# Oscar Nominations are out...



## Lei-Lani (Jan 22, 2009)

The whole list is available here.

I'm putting my chances on "Slumdog Millionaire" as Best Picture, even though "Benjamin Button" got 13 nominations.  You know what that usually means when a film gets so many nods - either the film will be passed over entirely, or it'll win it all.

And no one's beating Heath Ledger for "The Dark Knight".  No one. ^_^

Other predictions include Mickey Rourke for "The Wrestler" and Angelina Jolie for "The Changeling".


----------



## Azure (Jan 22, 2009)

Almost every movie put out this year was terrible, except for Batman, and maybe The Wrestler.  The Oscars are slippin the way of the Emmy's and the Grammy's, into obscurity.


----------



## PriestRevan (Jan 22, 2009)

LemurBoi said:


> Almost every movie put out this year was terrible, except for Batman, and maybe The Wrestler. The Oscars are slippin the way of the Emmy's and the Grammy's, into obscurity.


 
I thought most of the Animated films, Benjamin Button, and those you mentioned were pretty good. 

...mainly Wall-E. Loved it.


----------



## Endless Humiliation (Jan 22, 2009)

LemurBoi said:


> Almost every movie put out this year was terrible, except for Batman, and maybe The Wrestler.  The Oscars are slippin the way of the Emmy's and the Grammy's, into obscurity.



You didn't like Slumdog?

I thought you were white, man.

EDIT: Wish Eastwood had been nominated for best original song. It would be a joy to see him perform.

Who's hosting, BTW?


----------



## Azure (Jan 22, 2009)

Load_Blown said:


> You didn't like Slumdog?
> 
> I thought you were white, man.
> 
> ...


My complete dislike for hollywood is only eclipsed by my dislike for communism and poor spellers.  SO no, I didn't like it.


----------



## Endless Humiliation (Jan 22, 2009)

LemurBoi said:


> My complete dislike for hollywood is only eclipsed by my dislike for communism and poor spellers.  SO no, I didn't like it.

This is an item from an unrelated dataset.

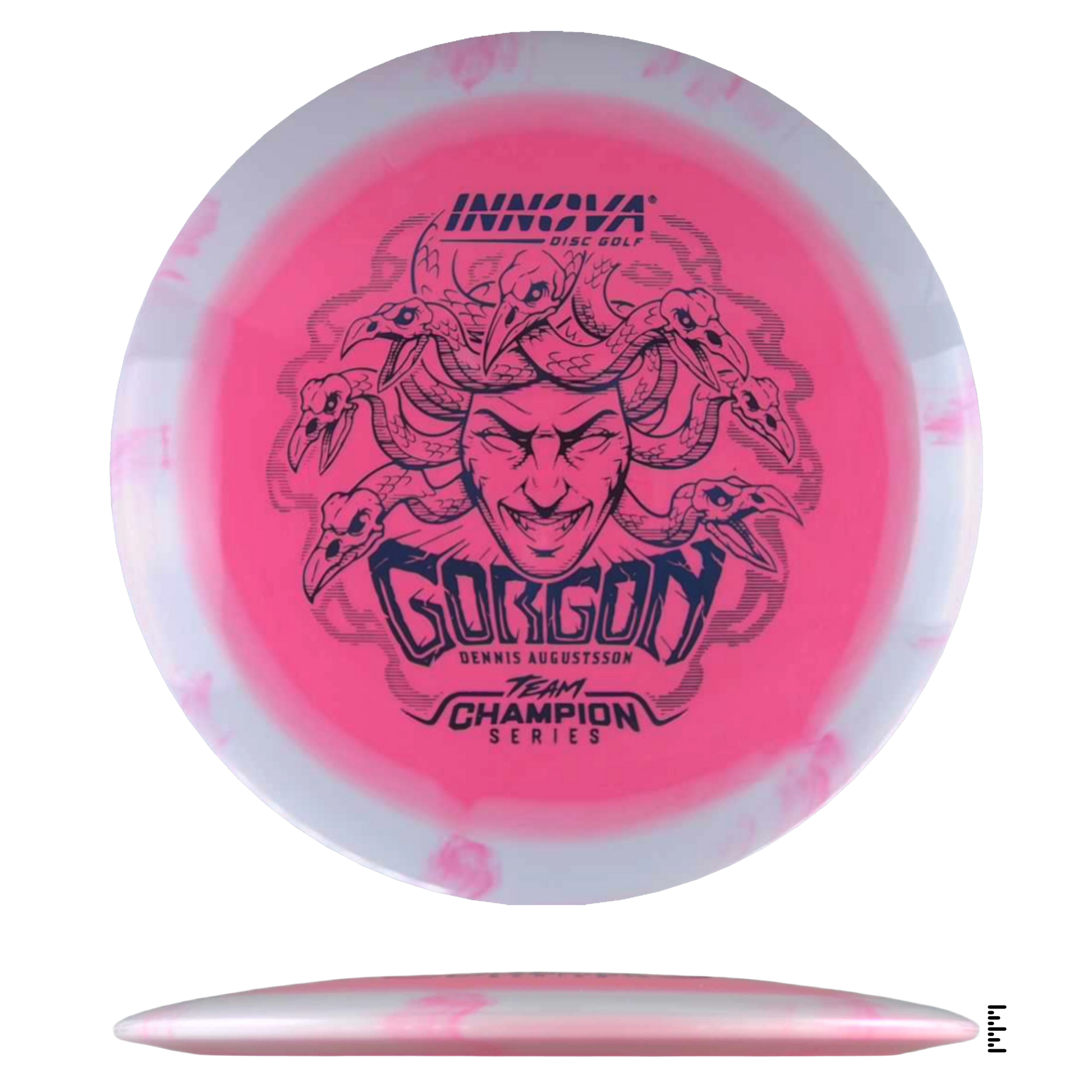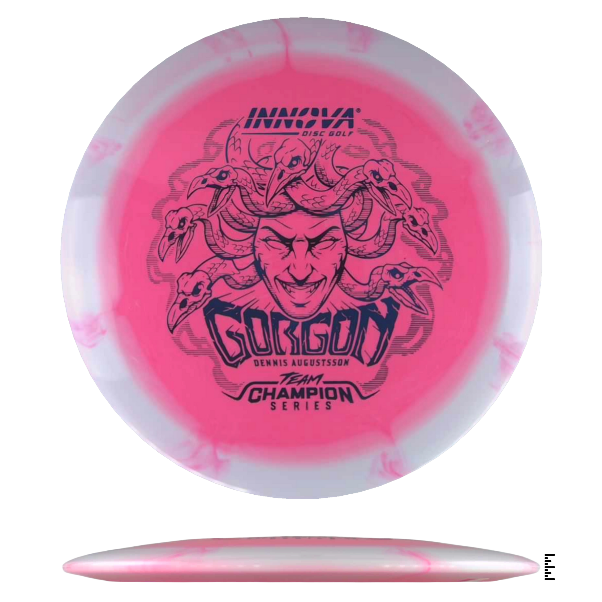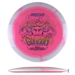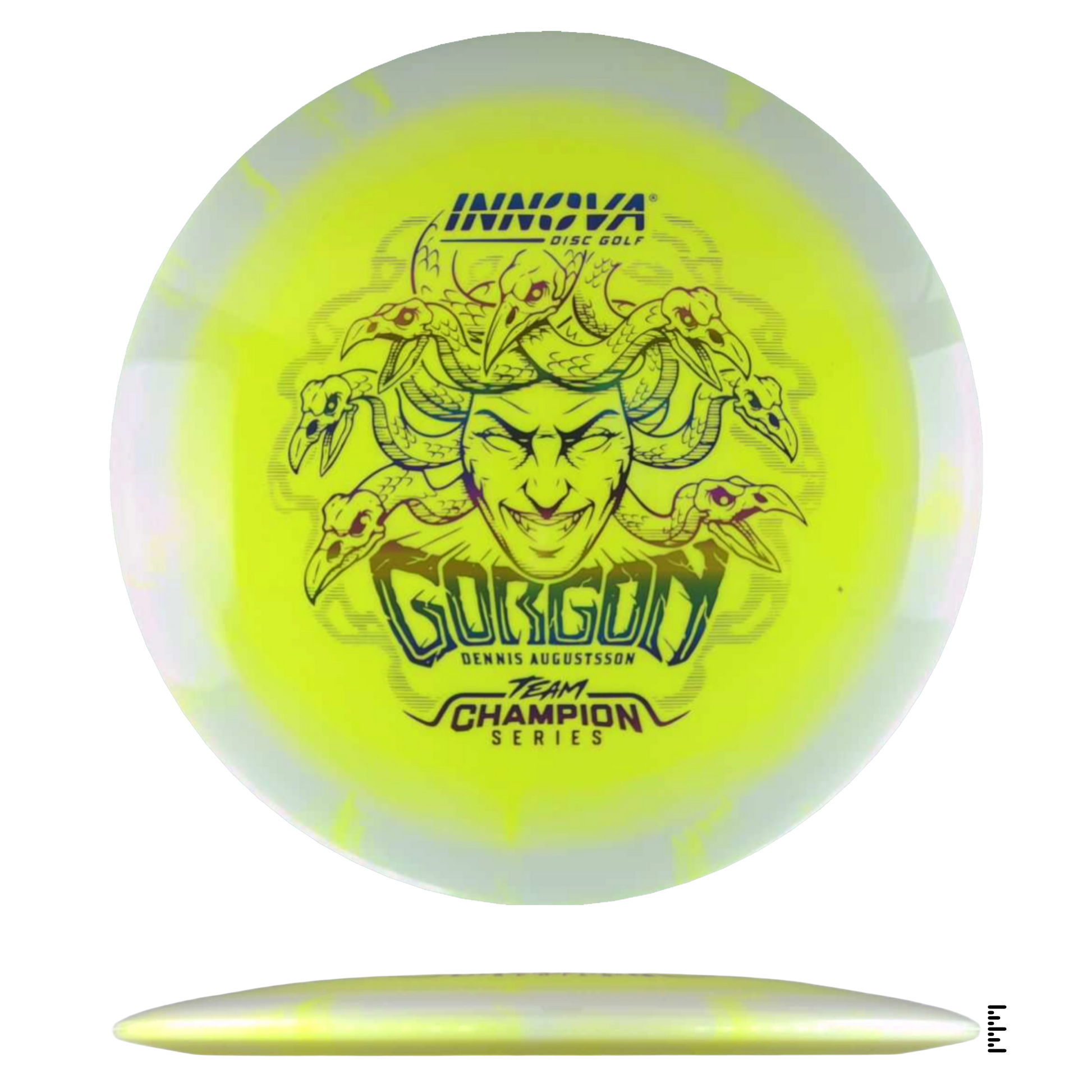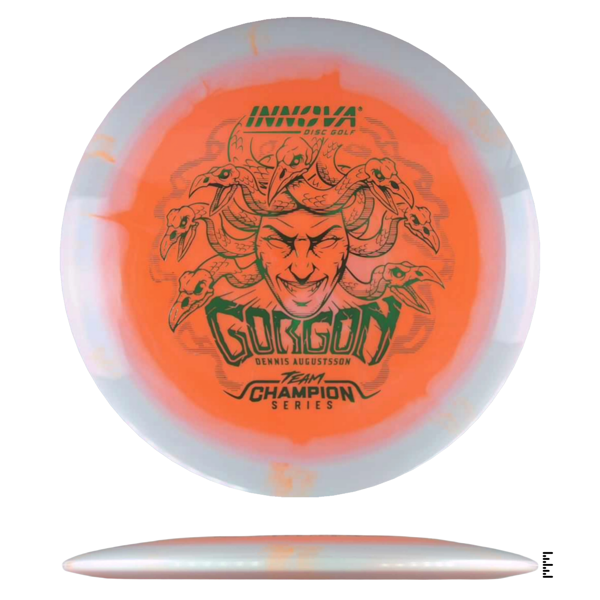 The Innova Gorgon is a driver that combines the control and feel of a fairway driver with the reach of a distance driver. Expect super straight flights with a soft fade at the end of the flight. When thrown with some power, you'll get a late turn, followed by just enough fade to bring it back toward the center of the fairway. More than anything, the Gorgon wants to glide for days. Aim for the basket and give it a rip.
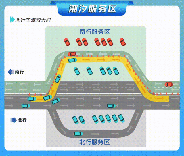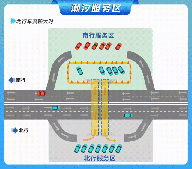 潮汐服务区模式:车辆在引导下借用对向车道进入对向服务区。

But it was an art house film, yet The Dark Knight was a Hollywood blockbuster.



idgi


You are confusing me, man.


----------



## Lukar (Jan 22, 2009)

Why the fuck is Iron Man only nominated once? x.x'


----------



## Endless Humiliation (Jan 22, 2009)

Lukar said:


> Why the fuck is Iron Man only nominated once? x.x'



Because Robert Downey Jr. didn't die during the making of it

:C


----------



## Azure (Jan 23, 2009)

Load_Blown said:


> But it was an art house film


Even worse.


----------



## Endless Humiliation (Jan 23, 2009)

LemurBoi said:


> Even worse.



Don't tell me you've never had the impulse to go see _Short Cuts_ or even _Lost Highway_.


You're so BORING.

BTW, Mickey Rourke's face is made out of plastic.


----------



## Azure (Jan 23, 2009)

It is,his face, I mean .  And I loved _Lost Highway's _Soundtrack.  Pretty awesome.  Still, most art house films are too preachy for me.  You're correct, I am a complete bore.


----------



## Endless Humiliation (Jan 23, 2009)

LemurBoi said:


> It is,his face, I mean .  And I loved _Lost Highway's _Soundtrack.  Pretty awesome.  Still, most art house films are too preachy for me.  You're correct, I am a complete bore.



Well, yeah, they're ART.

But the old stuff.

That's still all pretty good.

But yeah, compared to MY ECLECTIC TASTES, you are p. boring, sorry but just like bruce hornsby, that's just the way it is


----------



## Azure (Jan 23, 2009)

Load_Blown said:


> Well, yeah, they're ART.
> 
> But the old stuff.
> 
> ...


I fancy myself as the man in the silk suit, but only because I hate most people.  Some of them are OK.  I just never really have much time anymore to sit down and marinate very deep on stuff anymore, and I feel if I'm to make the commitment to watch a film as such, I should be prepared to extrapolate on it.


----------



## Lukar (Jan 23, 2009)

Yay, just saw the nominations for the animated films. I hope that either Bolt of Kung-Fu Panda gets it. ^^


----------



## Lei-Lani (Jan 25, 2009)

Lukar said:


> Yay, just saw the nominations for the animated films. I hope that either Bolt of Kung-Fu Panda gets it. ^^



I haven't seen "Bolt" yet, but the whole premise of the film seems a little too sad.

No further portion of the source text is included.